Over a thirty year period, these various ideas took hold, slowly gaining strength. The categories of heterosexual crossdresser and transexual, if still confusing to the general public and even to some helping professionals, became firmly established.

But if these categories created spaces in which people with gender issues could feel comfortable to explore their feelings and identities, they eventually proved to be too confining for many. If one were transexual, a man in a woman’s body or a woman in a man’s body, then those without that identity were by default crossdressers (it was, after all, the only other available box). If one didn’t fit comfortably in the crossdresser box, then one must be transexual. Those who didn’t fit in either of those two boxes were confused and uncomfortable, often feeling that there was something wrong with them.

Virginia created the term “transgenderist” to describe those “in-between” people who, like her, crosslived full-time without genital surgery. But in the last analysis, transgenderist was but another box with a narrow definition.
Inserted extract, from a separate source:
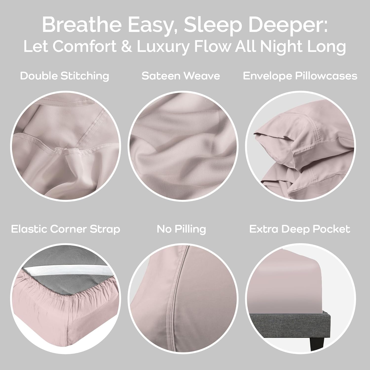 100% Viscose from Bamboo Sheets Queen Size, Super Soft Bedding Set, 4PC Cooling Sheets for Hot Sleepers, Vegan Silk Moisture Wicking, Organically Grown Bedsheet, Blush - 60" x 80"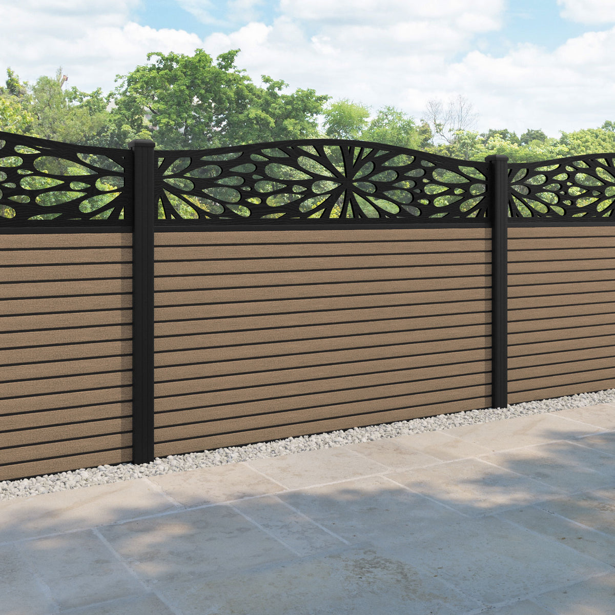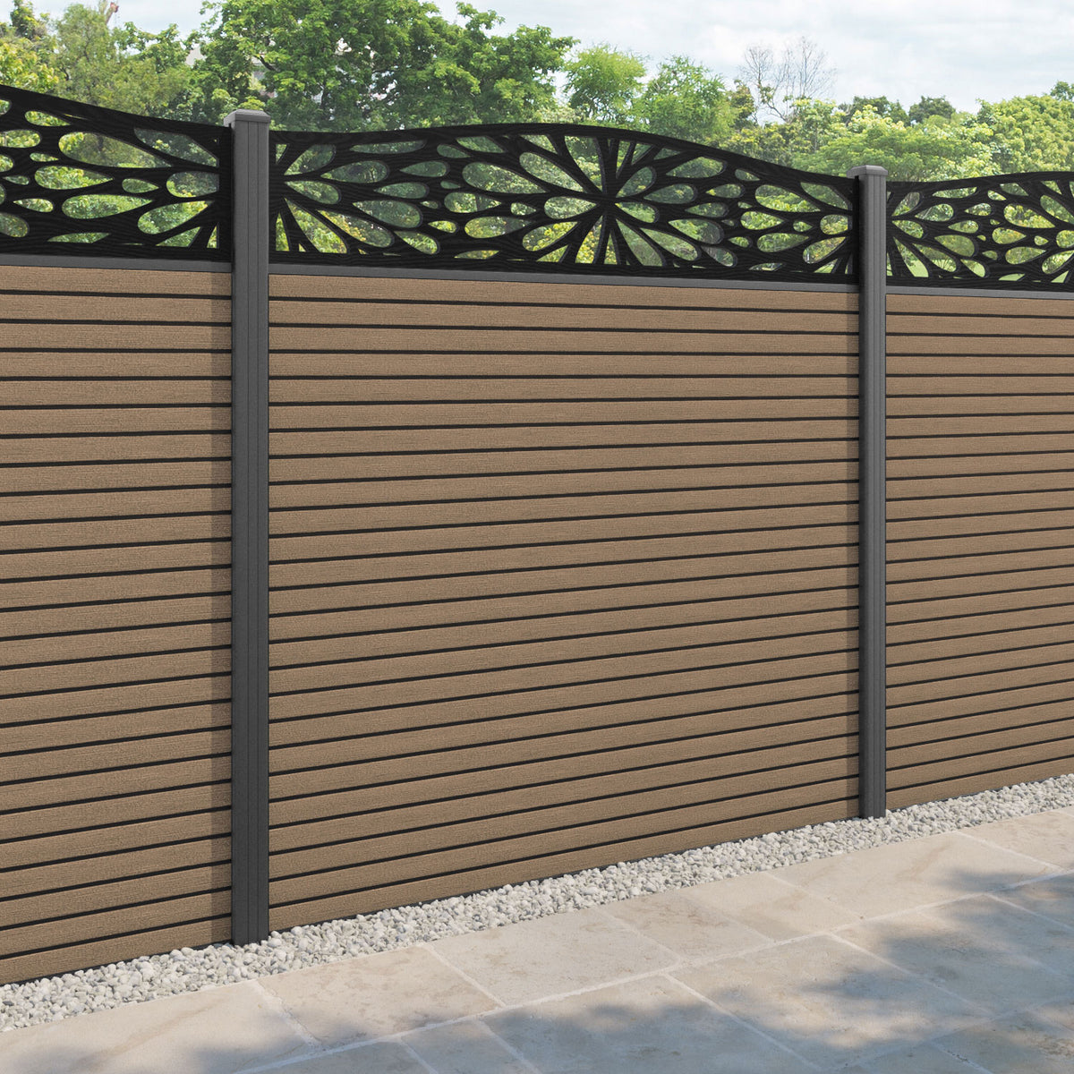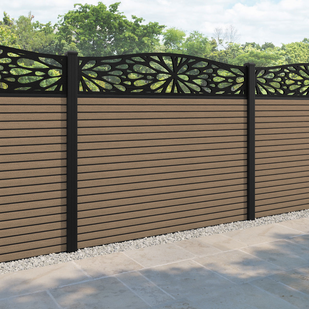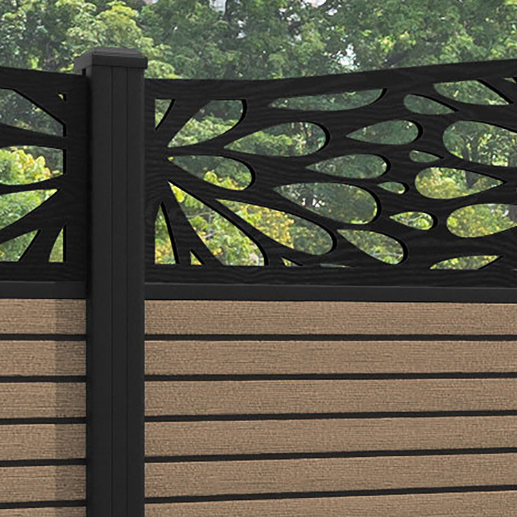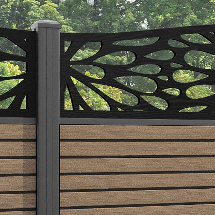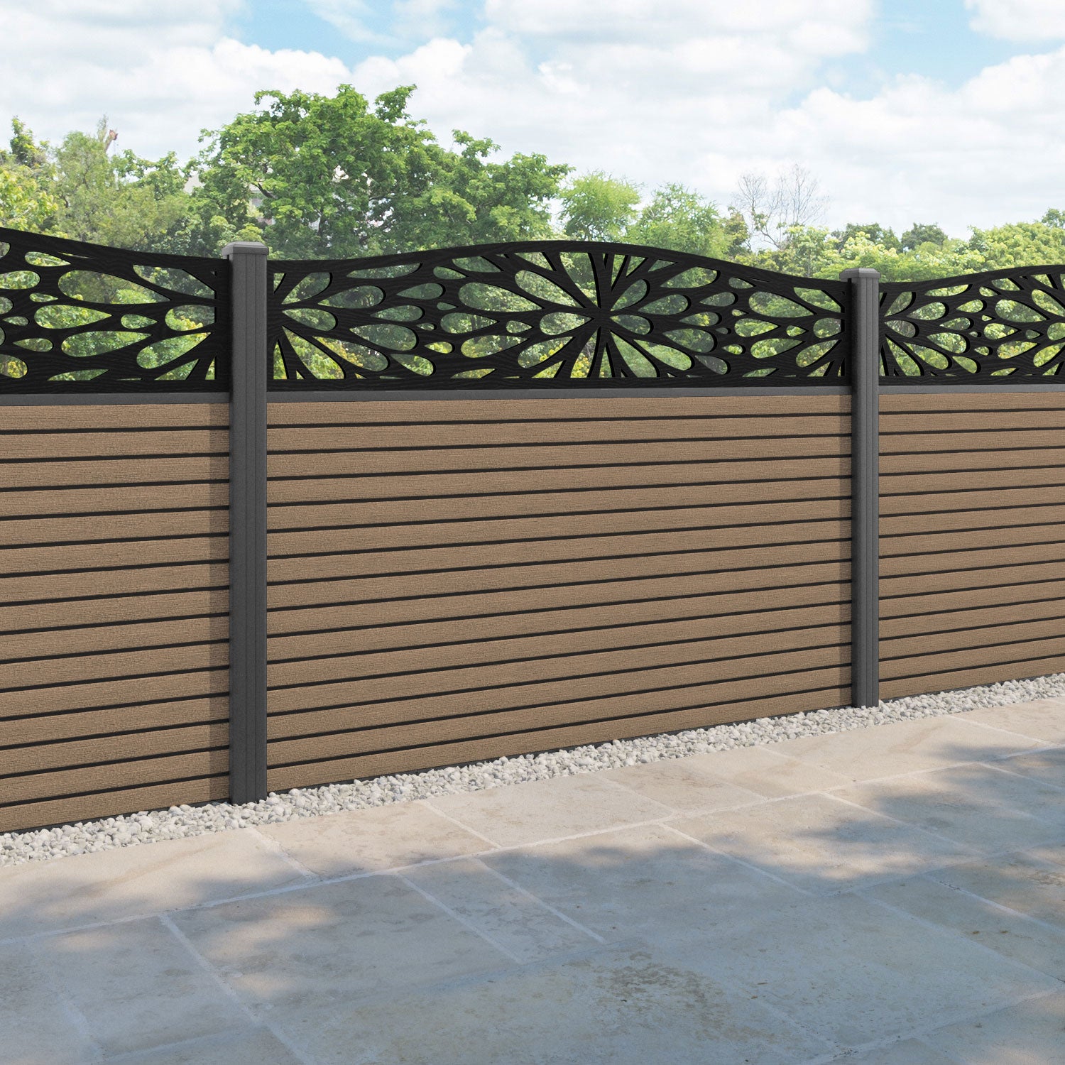 Hudson Blossom Curved Top Fence Panel Teak - with our aluminium posts

As the eighties wore on and the nineties began, people began to color outside the lines, experimenting with physical presentations and gender identities for which there were no terms, or for which new terms had to be created: genderfuck, gender transient, stone butch, she-male, drag king, Supermodel. Eventually, over Virginia’s objection, transgender, a term derived from the word she had invented to describe herself, came to stand for the entire community of persons with transgressive gender identities and behaviors—crossdressers (straight, gay, and bisexual), transgenderists, and transexuals (gay, straight, and bisexual). There has been some opposition to this usage, primarily because of the threat it poses to established categories—Davina Anne Gabriel, for instance, has written about “the incredible shrinking transexual identity”—but transgender has entered the common parlance and is the term most widely used to describe the transgender community.

With this term has come a new way of looking at gender and sex, and the realization by many that the categories we most commonly accept—male and female—are rooted more in the particular way in which our culture views sex and gender than in any objective reality. “Man” and “woman” are labels which we affix to ourselves, but other cultures may affix other or additional labels, which are just as “real” to them, and which may reflect “reality” no less accurately than our terms.

This is a difficult concept for some people to accept, or even to understand—but look at it this way: until there was a Presbyterian Church, it was impossible to identify as Presbyterian. Presbyterianism is not a Universal Truth, but an identity that human beings in this culture and at this time can take for themselves Similarly, homosexual and heterosexual, as Stephen Whittle demonstrated in Volume 1, No. 5 of Chrysalis (our journal), are identities that are only about a century old. Before then, there were other sexual identities, and there was certainly behavior which we would, by today’s standards, call homosexual, but it did not carry that label and the stigma associated with it.

Our beloved (if only decades-old) categories of crossdresser and transsexual are not immutable are not fixed by nature, are not realities, except as we make them so. As people reject them in favor of newer (but no less “real”) identities, they lost their consensual power.

This is what is happening in the mid-nineties. While some portion of the community embraces the old terms, more and more people reject them, and the community evolves.

This necessarily creates tension between those whose identities are built upon the “traditional” terms, and those whose identities are not. Since some of our communities’ organizations are built upon the “old” model, they seem increasingly old-fashioned and rigid to that portion of the community which rejects the model upon which they are built.

In the next Chrysalis, which we call the “Transgender Gothic” issue, we will be looking in some detail at this paradigm shift, and what it means and will mean to the transgender community and its various organizations.